JACKSON, WY— If you thought you knew the story of Snow White and the Seven Dwarves, think again.
Dancers’ Workshop’s winter production “Fairest of the All” is a “version of Snow White never seen before,” said Junior Repertory Company Director Michaela Ellingson. The Dancers’ Workshop winter production takes to The Center stage December 7-9.
Of course, most of the characters will be familiar: the evil queen, Snow White herself, the seven dwarves. The evil queen is recognizably obsessed with herself and her image. Snow White is, as usual, a “picture of innocence: joyful, young, kind,” Ellingson said.
But perhaps the most compelling characters in this version of Snow White are an army of feisty dust mites. They already have their own hashtag (#dustmites or #teamdustmites, if you want to spread it), and everyone is talking about them.
Their place in the story is adorably appropriate: Snow White arrives to a tiny house shared by seven men, who also share one bathroom and one bed. The house is, predictable, filthy. So Snow White tries to clean up.

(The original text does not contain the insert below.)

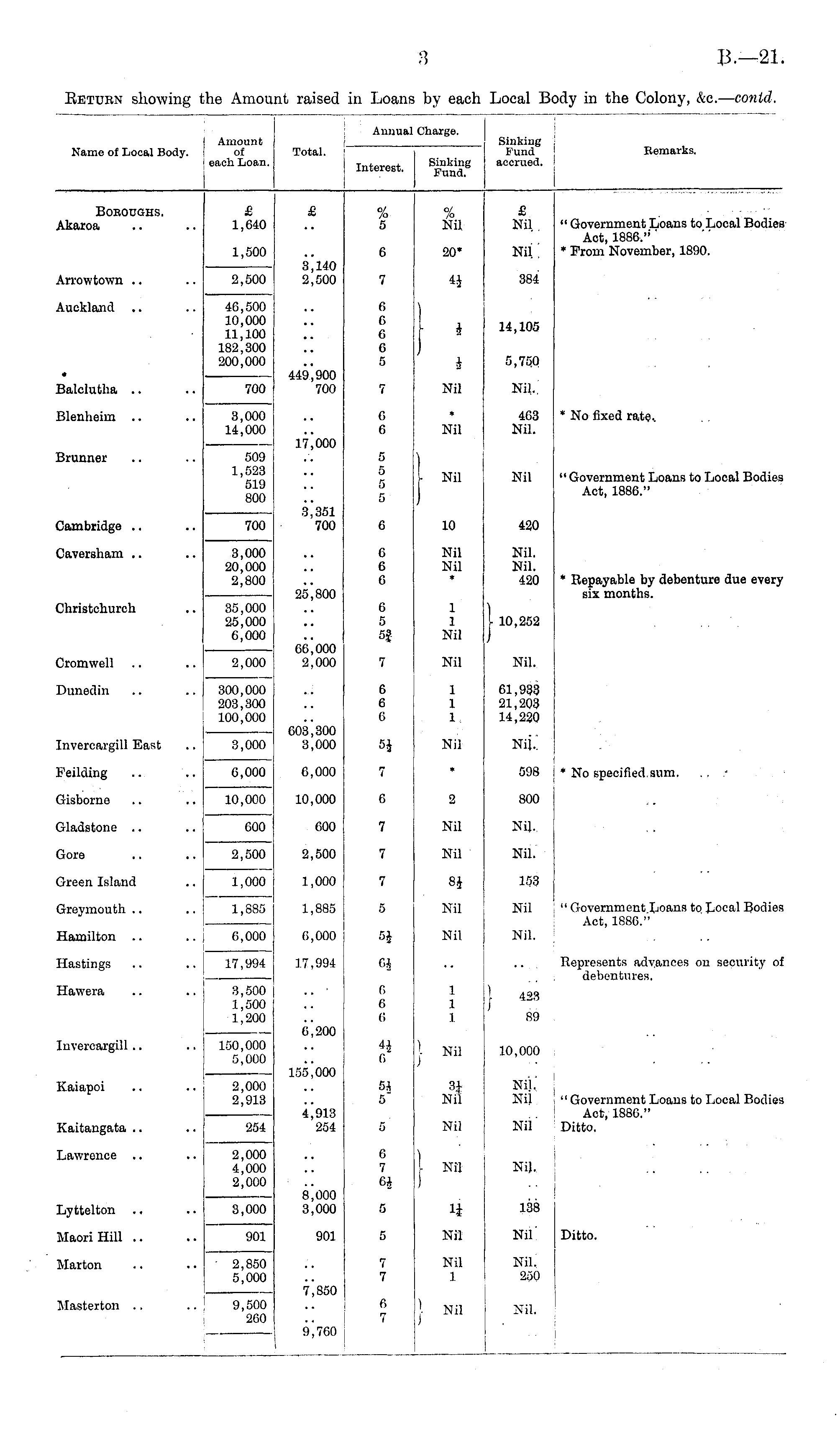 Annual Charge. Name of Local Body. Amount of each Loan. Total. Interest. | ***$ Sinking Fund accrued. Remarks. Boroughs. Akaroa £ 1,640 £ % 5 % Nil £ Nil , Nil " Government Loans to Local Bodies Act, 1886." ' * Prom November, 1890. 1,500 2,500 3*140 2,500 6 20* Arrowtown .. 7 4* 384 Auckland 46,500 10,000 11,100 182,300 200,000 6 G 6 6 5 ) I h. | 14,105 • 449,900 700 i 5,750 Balclutha .. 700 7 Nil Nil. Blenheim Brunner 1 3,000 14,000 509 1,523 519 800 17*000 6 6 5 5 5 5 ) * Nil Nil 463 Nil. Nil * No fixed rate.. " Government Loans to Local Bodies Act, 1886." Cambridge .. 700 31351 700 6 10 420 Caversham .. Christchurch 3,000 20,000 2,800 35,000 25,000 6,000 2,000 25*800 6 6 G 6 5 si Nil Nil * 1 1 Nil Nil. Nil. 420 I 10,252 * Repayable by debenture due every six months. Cromwell 66*000 2,000 7 Nil Nil. Dunedin 300,000 203,300 100,000 i 3,000 003,300 3,000 6 6 6 1 1 1 61,933 21,203 14,220 Invercargill East Bj Nil Nij. Feilding 6,000 6,000 7 * 598 ! * No specified sum. . , - Gisborne 10,000 600 10,000 G 2 800 .. Gladstone .. 600 7 Nil Nil. Gore 2,500 2,500 7 Nil Nil. Green Island 1,(100 1,885 1,000 7 8J 153 Greymouth .. 1,885 5 Nil Nil " Government Loans to Local Bodies Act, 1886." Hamilton 6,000 6,000 *i Nil Nil. Hastings 17,994 17,994 c>l Represents advances on security of debentures. Hawera 3,500 I 1,500 1,200 6 6 6 1 1 1 1 423 Invercargill .. G\200 89 I 150,000 5,000 4J G 1 ) Nil 10,000 Kaiapoi 2,000 2,913 155*000 4*913 254 5 Nil Nil. Nil Nil "Government Loans to Local Bodies Act, 1886." Ditto. Kaitangata .. 254 5 Nil Lawrence .. 2,000 4,000 2,000 3,000 6 7 64 \ i Nil Nil. Lyttelton 8,000 3,000 8 li 138 Maori Hill .. 901 901 5 Nil Nil Ditto. Marton 2,850 5,000 7 7 Nil 1 Nil. 250 Masterton .. 7*850 9,500 260 6 7 I j Nil Nil. 9*760

The dust mites won’t go without a fight. Played by kids ages seven through nine, the little dust mites come out ready for battle. They’re “rambunctious, snotty, sassy,” Ellingson said. “They’re not too happy about leaving.”
There are also some adult cameos from Contemporary Dance Wyoming, Wyoming’s only professional dance troupe. Most notably, a gaggle of cross-dressing princes try to woo Snow White, each attempting to propose to her with a different song.
Still, the kids of Dancers’ Workshop steal the show. From adorable dust mites, to flowers and foxes and skunks in tuxedos, each child’s performance is as adorable as it is impressive.
The show is full of comedic relief. Each of seven dwarves, for example, is actually performed by two dancers—one as the face, and one standing behind putting their arms through and acting as the legs. It’s teamwork at its finest.
How do you make dwarves more… dwarfish? Teamwork! Who’d guess it takes two humans to play one tiny dwarf?
But it doesn’t eschew some of the larger thematic questions fairytales often ask us to ponder: friendship. Loyalty. And of course, beauty.
“It’s an interesting question of beauty, and what is beauty,” Ellingson said. “We’re diving a little deeper into some of these concepts that the audience can grasp—if they open up their mind to it.
There are four chances to see this one-of-a-kind fairytale:
Friday, December 7, 7 p.m.
Saturday, December 8, 2 p.m. (followed by an on-stage “Meet the Characters autograph session!)
Saturday, December 8, 7 p.m.
Sunday, December 9, 4 p.m.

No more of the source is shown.